3 Toen zeide hij: Ga heen, vraag buitenshuis vaten van al uw buren, ledige vaten; laat het er niet weinige zijn.
4 Ga dan naar binnen, sluit de deur toe achter u en uw zonen en giet in al die vaten; en wat vol is, moet ge laten wegzetten.
5 Zij ging van hem weg, sloot de deur achter zich en haar zonen toe; dezen plaatsten steeds (de vaten) bij haar en zij goot steeds door.

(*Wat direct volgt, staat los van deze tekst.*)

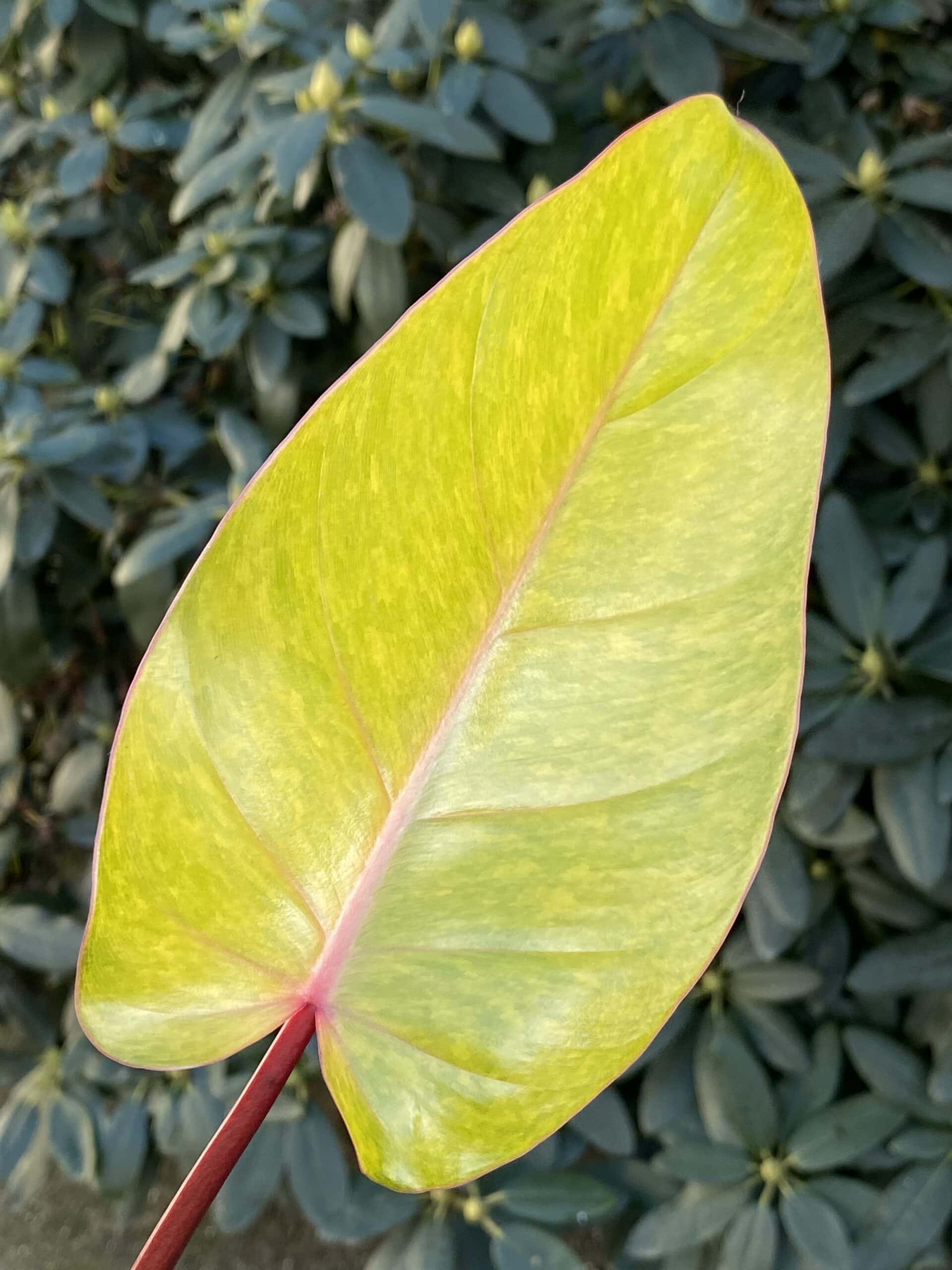 Sadzonka szczytowa filodendrona Painted Lady. Philodendron Painted Lady to kolekcjonerska odmiana filodendrona, o różowych łodygach i liściach, które jak nazwa wskazuje – wyglądają jak namalowane przez znakomitego artystę. Ta piękna dama nie jest bardzo kłopotliwa w uprawie. Warto jednak pamiętać, że żółto-zielona mozaika będzie najwyraźniejsza, kiedy zapewnimy roślinie duże ilości niebezpośredniego światła słonecznego.

6 Toen de vaten vol waren, zeide zij tot haar zoon: Breng mij nog een vat. Maar hij zeide tot haar: Er is geen vat meer. Toen hield de olie op te stromen.
7 Zij ging het de man Gods vertellen, en deze zeide: Ga heen, verkoop de olie en betaal uw schuld, en leef met uw zonen van het overige.
8 Op zekere dag begaf Elisa zich naar Sunem. Daar woonde een welgestelde vrouw, die bij hem aandrong, dat hij zou blijven eten. En zo vaak hij op zijn doorreis daar kwam, ging hij erheen om te eten.
9 En zij zeide tot haar man: Zie toch, ik weet, dat het een heilige man Gods is, die altijd bij ons aankomt.